Muerta de susto, la historia burguesa ha intentado relatar la historia de la Tristeza como la enfermedad de la melancolía. Cuando se dividió el mundo en la esfera de lo público y lo privado, la Tristeza fue condenada al lugar de lo íntimo y femenino. De ser el caso, la Tristeza debía refugiarse solo en la intimidad, donde no pudiera ser vista por nadie, arrinconada junto al amor y las pasiones, mientras todo lo demás, sobre todo la acción política, debía ser objeto de publicidad y exhibición.

No era de buen gusto demostrar las emociones y menos la tristeza, porque en el imperio de la razón prevalecería la higiene corporal y mental y no habría cabida para nada que remontara al lugar de lo instintivo o sentimental. Aquel estado estaba negado por el designio de los nuevos tiempos donde solo sería posible la belleza inconmensurable y la felicidad. El que acusaba tristeza aguda era tratado como un ser anormal por el psiquiatra, quien debía curar la alteración y restablecer la racionalidad.

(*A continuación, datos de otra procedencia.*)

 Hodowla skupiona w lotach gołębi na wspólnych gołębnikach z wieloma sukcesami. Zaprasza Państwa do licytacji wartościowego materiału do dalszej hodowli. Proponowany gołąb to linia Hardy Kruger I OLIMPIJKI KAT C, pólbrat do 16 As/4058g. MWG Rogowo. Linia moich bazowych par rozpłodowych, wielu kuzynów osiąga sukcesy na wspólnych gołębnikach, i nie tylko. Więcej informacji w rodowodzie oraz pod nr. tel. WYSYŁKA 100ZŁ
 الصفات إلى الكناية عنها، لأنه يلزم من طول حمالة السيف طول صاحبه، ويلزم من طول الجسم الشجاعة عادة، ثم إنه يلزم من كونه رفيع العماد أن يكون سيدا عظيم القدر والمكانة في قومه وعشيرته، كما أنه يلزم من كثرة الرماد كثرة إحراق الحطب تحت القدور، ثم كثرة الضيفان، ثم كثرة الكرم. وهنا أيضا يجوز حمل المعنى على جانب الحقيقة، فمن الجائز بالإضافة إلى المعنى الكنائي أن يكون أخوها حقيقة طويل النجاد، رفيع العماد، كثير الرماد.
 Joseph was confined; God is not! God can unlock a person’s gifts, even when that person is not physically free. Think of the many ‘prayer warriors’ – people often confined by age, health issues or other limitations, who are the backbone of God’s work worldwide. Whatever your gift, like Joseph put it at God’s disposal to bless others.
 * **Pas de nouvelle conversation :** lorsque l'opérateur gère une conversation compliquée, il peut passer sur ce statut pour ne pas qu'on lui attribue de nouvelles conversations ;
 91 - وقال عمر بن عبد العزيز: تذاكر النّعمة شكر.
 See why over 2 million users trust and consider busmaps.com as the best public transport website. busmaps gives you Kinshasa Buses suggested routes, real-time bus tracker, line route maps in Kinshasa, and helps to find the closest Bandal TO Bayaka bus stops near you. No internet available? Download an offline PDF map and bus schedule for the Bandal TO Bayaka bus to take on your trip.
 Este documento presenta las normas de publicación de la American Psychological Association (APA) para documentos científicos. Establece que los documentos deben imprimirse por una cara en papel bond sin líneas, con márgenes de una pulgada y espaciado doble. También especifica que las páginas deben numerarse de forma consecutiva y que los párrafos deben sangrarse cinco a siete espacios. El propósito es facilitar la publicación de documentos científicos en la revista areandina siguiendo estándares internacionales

Un supertriste era un mal ejemplo, puesto que ponía en riesgo el equilibrio que debía garantizar el trabajo y la producción, en tiempos en que la fuerza obrera era considerada un factor económico y una mercancía.

Pero a pesar de los afanes de la psiquiatría y todos los intentos de disciplinar la sociedad, la Tristeza ha logrado construir su esfera propia, sin ser enfermedad ni melancolía, porque es un estado humano intermitente y chicloso amelcochado, que se adhiere al alma y se anuda entre el esófago y el vientre. Existe, puesto que quien no la conoce tampoco puede reconocer la plenitud. Por eso, mientras lo humano perviva, la Tristeza media enferma y media patoja, existirá.

Aunque la historia no ha escrito mucho sobre ese estado profundamente humano, a veces necesario para la contemplación de la maravilla del mundo, la literatura y la poesía se mostraron rebeldes y capturaron la metáfora de tristeza y con palabras análogas aludieron al estado triste. Neruda la verbalizó en canto, de tal modo que logró en una de sus poesías transmitir su espasmo y cuando la echó de su casa, le dijo: Tristeza, escarabajo de siete patas rotas,/ huevo de telaraña,/ rata descalabrada,/esqueleto de perra:/Aquí no entras./No pasas./Ándate./Vuelve al sur con tu paraguas,/vuelve/al norte con tus dientes de culebra./Aquí vive un poeta.

Aunque la tristeza fue echada y a la vez salvada por la poesía, parece que en estos tiempos está en serios problemas, porque quieren desvanecer todo lo humano. Todo indica que en el mundo actual se está fabricando el gran engaño acerca de la muerte definitiva de la Tristeza. Imágenes no tristes ruedan en los teléfonos celulares; circulan multitudes de autorretratos (selfies), donde millones de rostros aparecen siempre sonrientes, todos posando con la misma mandíbula abierta mostrando los dientes y los cachetes extendidos, fabricando el símbolo oblicuo, proyectando la felicidad virtual, falsificando y teatralizando el éxtasis y queriendo sostenerlo en la imagen efímera, que muere en microsegundos. Los arqueólogos de 2200 tendrán que descubrir la evidencia de las vidas concretas para demostrar la farsa de las vidas virtuales tuiteras y las del Facebook, libro cibernético de caras.

Pobre Tristeza, ya nadie habla de ti en estos tiempos, ni hay quien se interese por tu historia ligada al amor y la sensibilidad. Cuando más han inventado un nombre cursi, el de la ‘Depre’, para nombrar el aburrimiento y el vacío, que es algo muy distinto, a tu talante triste profundamente humano. Pero a pesar del combate, tú, Tristeza, sigues viva, porque vive el Ser, que está peleando para no abandonar su relación con la realidad y transitar al estadio terrible de lo humanoide diluido en su existencia virtual, enajenado completamente, incluso del control de su subjetividad.